Pocos creyeron en su momento que
lo conseguiría, pero la verdad es que con el paso del tiempo su descubrimiento
cambió el mundo.
La verdad es que la idea no tenía
nada de original.
En realidad su logro,
insignificante en sí mismo, fue el de plantear que los recuerdos, la información
de la que disponemos acerca de nosotros mismo o de los demás, es simple
energía...
Lo hizo pensando en el cuidado:
un hecho trivial, tan cotidiano, que pasaba desapercibido.
Siglos atrás sus métodos teóricos
habrían sido revolucionarios, pero en el momento de construir su teoría… se
limitó a copiar lo que otros aplicaban en cosas mucho más importantes en
apariencia: la luz de las estrellas, la velocidad de los cometas, el chocar y
entrechocar de los electrones…
Quizá por ello, cuando anticipó
el camino de descubrimiento que quería emprender, muchos dudaron de su
preparación y le tildaron de: “pretencioso”.
Guardó aquella palabra como un
regalo. Sabía que en ella residía la fuerza que le haría no abandonar.
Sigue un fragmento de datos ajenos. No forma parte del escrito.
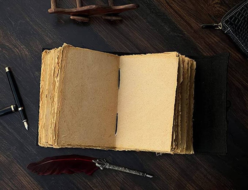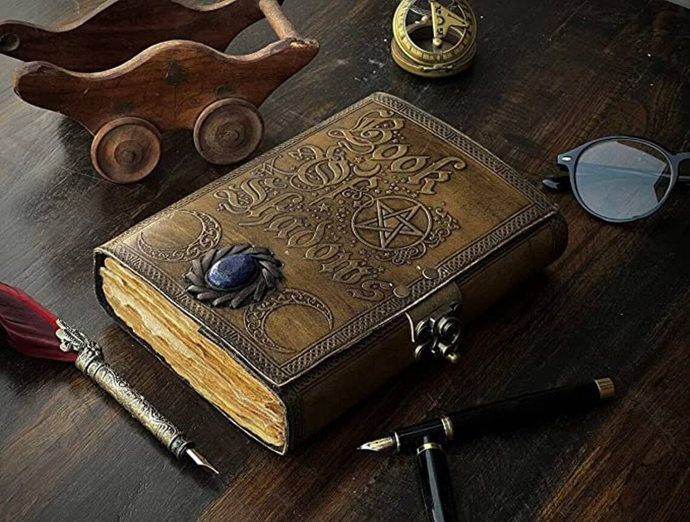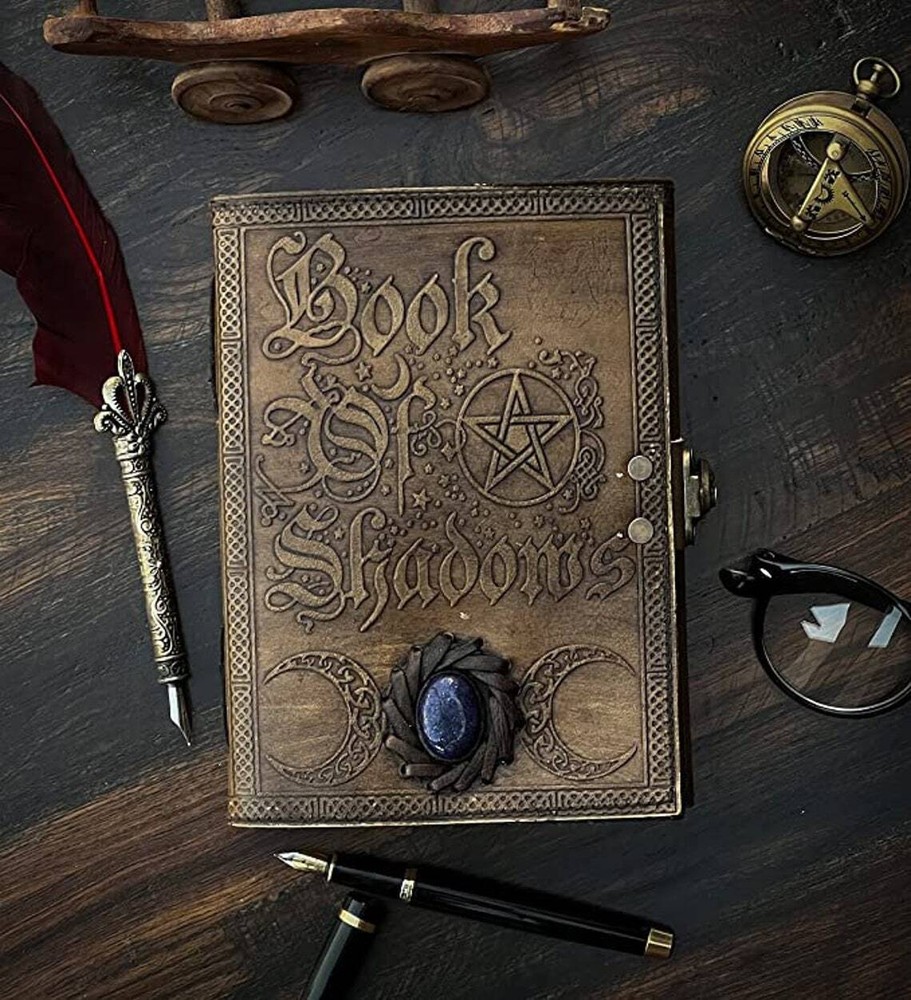 BOOK OF SHADOWS LEATHER PRINTED DESIGN - Perfectly print with the Book of Shadows designs, this journal makes a thoughtful gift to anyone of different cultures. UNIQUE HANDMADE VINTAGE PAPER - Vintage Journal is made with 200 pages of Antique Paper which looks like it was pulled from history. You will fall in love with the the antique handmade cotton paper which is unique to our Vintage Journal Notebook EXQUISITE & UNIQUE SEMI PRECIOUS STONE: The vintage journal is antique color embossed with a special stone called “lapis lazuli” which helps to reveal inner truth within yourself and encourage self-awareness and self expression. We have taken extra to make sure that the emboss is perfect in every piece. VINTAGE LOCK AND STURDY BINDING - The vintage lock will keep all your valuable writing locked inside.Sturdy hand stitched binding to make sure that no paper comes out loose from your vintage notebook. USE ANY KIND OF PEN - Sketch, Doodle, Write on your Leather Bound Journal with a Calligraphy Pen Fountain Pen, Brush Pen, Ball Pen, Acrylic Colors, Watercolor and many more. We guarantee no bleed through. MANY USES - Can be used as a notepad, journal, writing notebook, sketch book. 1.25 inch thickness, easy for handwriting, drawing or sketching and compact for carrying in your bag. Ideal for alternative Artist Sketchbooks, Photo Album, Traveling Notes, Business Executive, Logbook, Poetry Work, Journalists, Food Planner, Instagram Scrapbook and Bible Journaling.

Pensó
mucho en aquella palabra; Pretencioso “Presuntuoso,
que pretende ser más de lo que es”.
Curiosamente él sabía lo que era:
un cuidador de gentes, algo desde luego nada pretencioso.
Alguien que había visto morir,
llorar, ganar, perder, abandonarse, intoxicarse, amamantar, lavar, peinar,
ocultar y mostrar, dormir, comer y vomitar, mear y cagar, arrodillarse y matar,
humillarse, humillar, dejarse caer, respirar y estornudar, tragar los mocos y
escupir al cielo…
Ni él ni el cuidado eran
pretenciosos, si uno se cuida pretenciosamente al final muere: ese era un hecho
que había aprendido con el tiempo.
Aún recordaba las excusas que
pusieron aquellos a quienes pidió que les acompañara en su viaje: “excusas”,
una palabra curiosa para definir la mentira de no saber decir que “no”.
El problema de ese “no” es su
justificación, ahí es donde la excusa se hace necesaria, pues la verdad suele
ser molesta o incomoda de aceptar.
Pero ya había recibido estocadas
y estocadas de excusas en su vida, normalmente por gente que con el tiempo se
habían sentado en su piedra al lado del camino y le habían visto continuar
caminando.
Hoy, si miraba atrás, ya ni
siquiera los distinguía en la distancia: como dijera cierto juglar eran los “muertos
de su felicidad”, la felicidad de no haberse sentado y continuar caminando.